Comment ce lourd passé influence-t-il les relations entre Israël et chacun des trois États baltes ?

Le fait de parler ouvertement de cette époque et de traiter ces questions constitue un problème de relations internationales et politiques. Chaque rencontre de travail, même simplement économique, d’aide technique ou de coopération pédagogique est immédiatement éclipsée par les problèmes du passé et la manière dont ces faits historiques sont traités aujourd’hui. Par exemple, lorsqu’un diplomate israélien se rend dans l’une des chancelleries de l’un des pays d’Europe occidentale, il évoque avec son interlocuteur des questions relatives aux problèmes politiques ou économiques du moment se rapportant aux deux pays. Personne ne parle de la manière dont l’État concerné traite son propre passé par rapport à la Shoa et ce qu’il entreprend pour faire toute la lumière sur ce sujet. Ici, 60% de l’entrevue sont consacrés à ce problème. Aujourd’hui, ce sont nos interlocuteurs qui abordent le sujet alors que pendant très longtemps, c’était nous qui prenions l’initiative tout en leur disant qu’en définitive, il s’agissait de leur problème et non du nôtre. Ils ont compris que tant que leurs gouvernements respectifs n’auront pas fait preuve d’une certaine bonne volonté et entrepris des démarches concrètes afin que leur collaboration avec les nazis concernant les massacres et les atrocités commis à l’égard de leurs populations juives ne sera pas clairement établie, reconnue et étudiée, Israël n’entretiendra pas des relations de coopération normales avec leurs pays.

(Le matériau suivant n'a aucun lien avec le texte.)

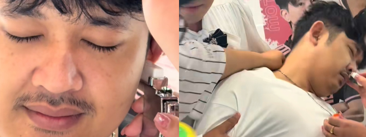 ผู้ใช้ TikTok @thada006 ได้เผยภาพตอนที่หนุ่มพาเพื่อนไปเจาะหู ซึ่งเป็นครั้งแรกที่เจาะ อยากรู้ว่ามันเจ็บแค่ไหน หลังจากที่เสร็จหมดทุกขั้นตอน แทบคว้าตัวเพื่อนไม่ทัน เพราะเจาะหูเสร็จเป็นลมไปเลย เจ้าของร้านต้องเอายาดมมาให้ดม เพื่อให้ประคองสติกลับมาได้ กลายเป็นไวรัลที่เรียกเสียงฮาสนั่น
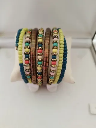 Conjunto de pulseras elásticas con un diseño vibrante y llamativo. - Cuentas de varios colores. - Elementos metálicos dorados. - Diseño tipo espiral.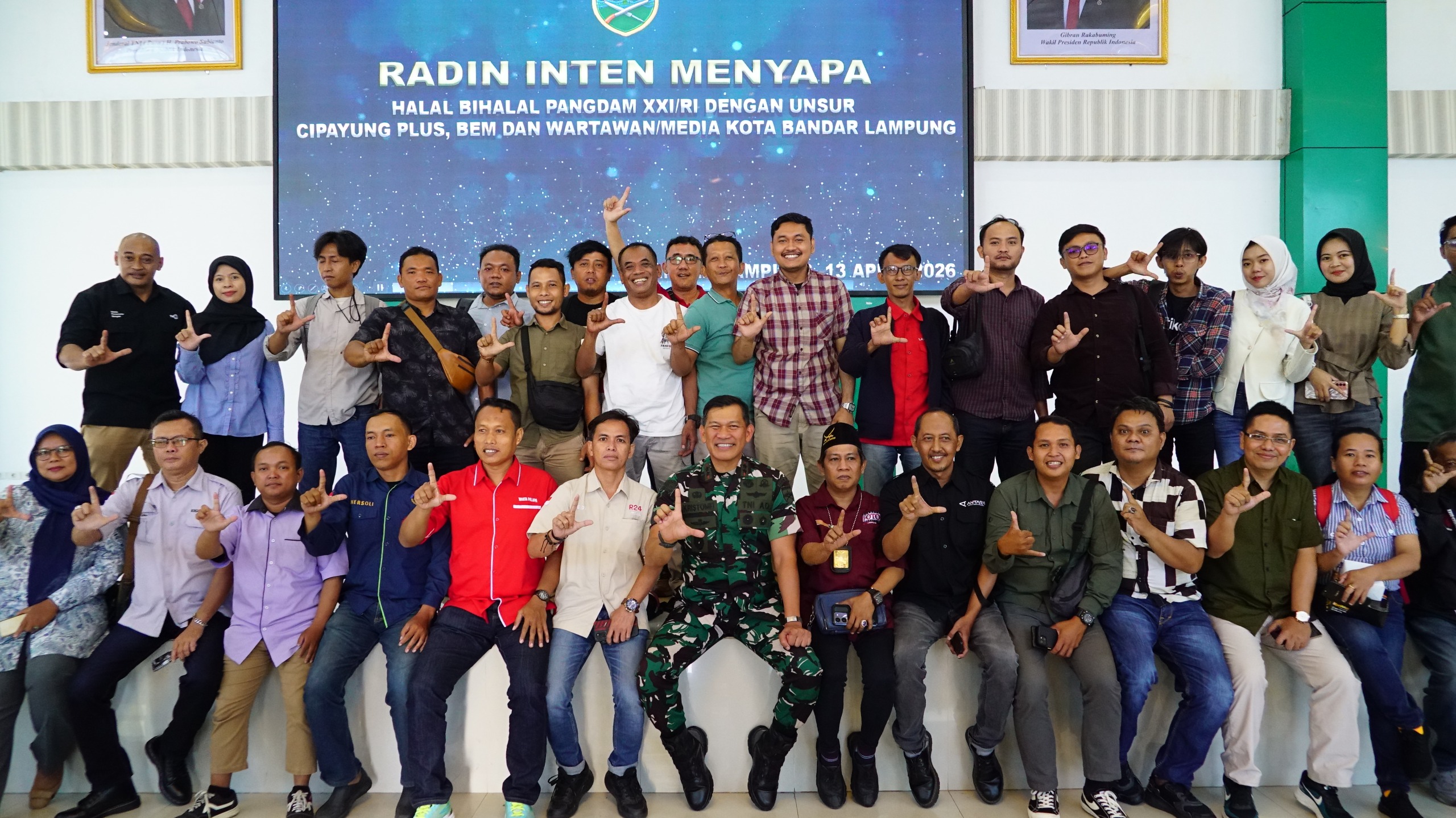 Bandar Lampung (kaganga.id)– Kodam XXI/Radin Inten menggelar kegiatan silaturahmi dan halal bihalal bersama Organisasi Kepemudaan (OKP) Cipayung Plus, LMID, unsur Badan Eksekutif Mahasiswa (BEM), serta wartawan/media wilayah Lampung. Kegiatan ini dipimpin langsung oleh Pangdam XXI/Radin Inten, Mayjen TNI Kristomei Sianturi, S.Sos., M.Si. (Han), mengusung tema “Kodam XXI/RI Kolaborasi Untuk Negeri”, bertempat di Aula Sudirman Makodam XXI/RI, Jl. Teuku Umar No. 85, Kelurahan Penengahan, Kecamatan Kedaton, Kota Bandar Lampung, pada hari Senin (13/04/2026).
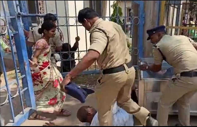 A little earlier, her father, S Chandrasekhar, with the help of ABVP activists, took the body out of the mortuary of the hospital and was trying to take it out of the hospital to stage a protest against the Narayana College, whose student she was, when the police began taking the body back into the hospital.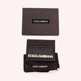 This Dolce & Gabbana card holder features a sleek black leather construction with bold white logo lettering across the front. Designed for everyday convenience, it includes multiple card slots and a slim profile that fits easily in pockets or small bags. A stylish, practical accessory for any luxury lover, complete with its original box and dust cloth.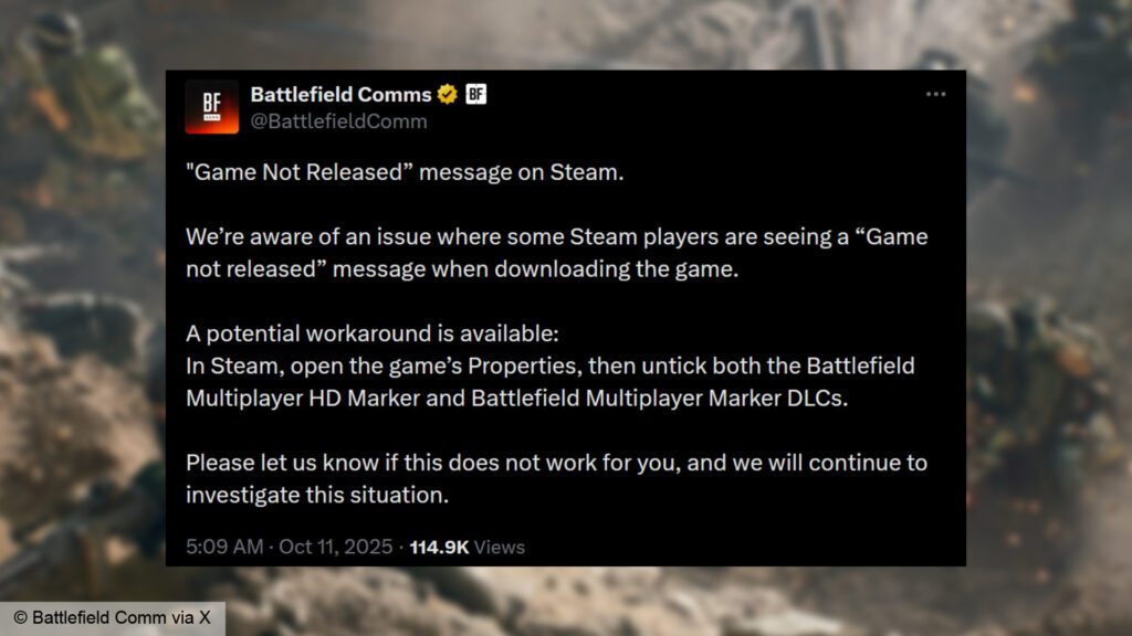 تیم توسعه همچنین اعلام کرده که از هشدار «بازی منتشر نشده» در نسخه استیم Battlefield 6 که هنگام دانلود بازی برای برخی کاربران نمایش داده میشود، آگاه است. بهعنوان راهحل احتمالی، پیشنهاد شده است که کاربران از طریق کتابخانه استیم وارد منوی Properties شده و تیک گزینههای ‘Battlefield 6 multiplayer HD marker’ و ‘Battlefield multiplayer marker’ را بردارند.

Peut-on dire qu’il y a aujourd’hui une volonté politique de la part de ces trois gouvernements d’entreprendre les démarches qu’Israël exige d’eux et si oui, lesquelles ? volition

Cette intention existe concrètement en Lettonie et nous percevons des signes de bonne volonté en Lituanie. En ce qui concerne les Estoniens, certaines indications nous font penser qu’ils commencent à comprendre notre position, reconnaissant que la Shoa constitue un phénomène unique qui mérite d’être traité de façon tout à fait spéciale. Sur le plan pratique, la Lettonie, par exemple, fait des efforts suite à la création, par son Président, de la Commission historique internationale qui, d’une certaine manière, est devenue le centre des activités. Il a ainsi été décidé d’étatiser progressivement le Musée juif de Lettonie, ce qui lui donnera un statut officiel et tous les bénéfices qui en découleront. La Lettonie cherche à honorer les citoyens lettons qui ont sauvé ou caché des Juifs pendant la guerre. Elle envisage aussi de créer une fondation éducative afin d’enseigner la Shoa dans les écoles de manière significative. Il ne s’agit que d’un début car, malgré tout, aucun paragraphe de la législation ne permet de poursuivre des criminels nazis en Lettonie.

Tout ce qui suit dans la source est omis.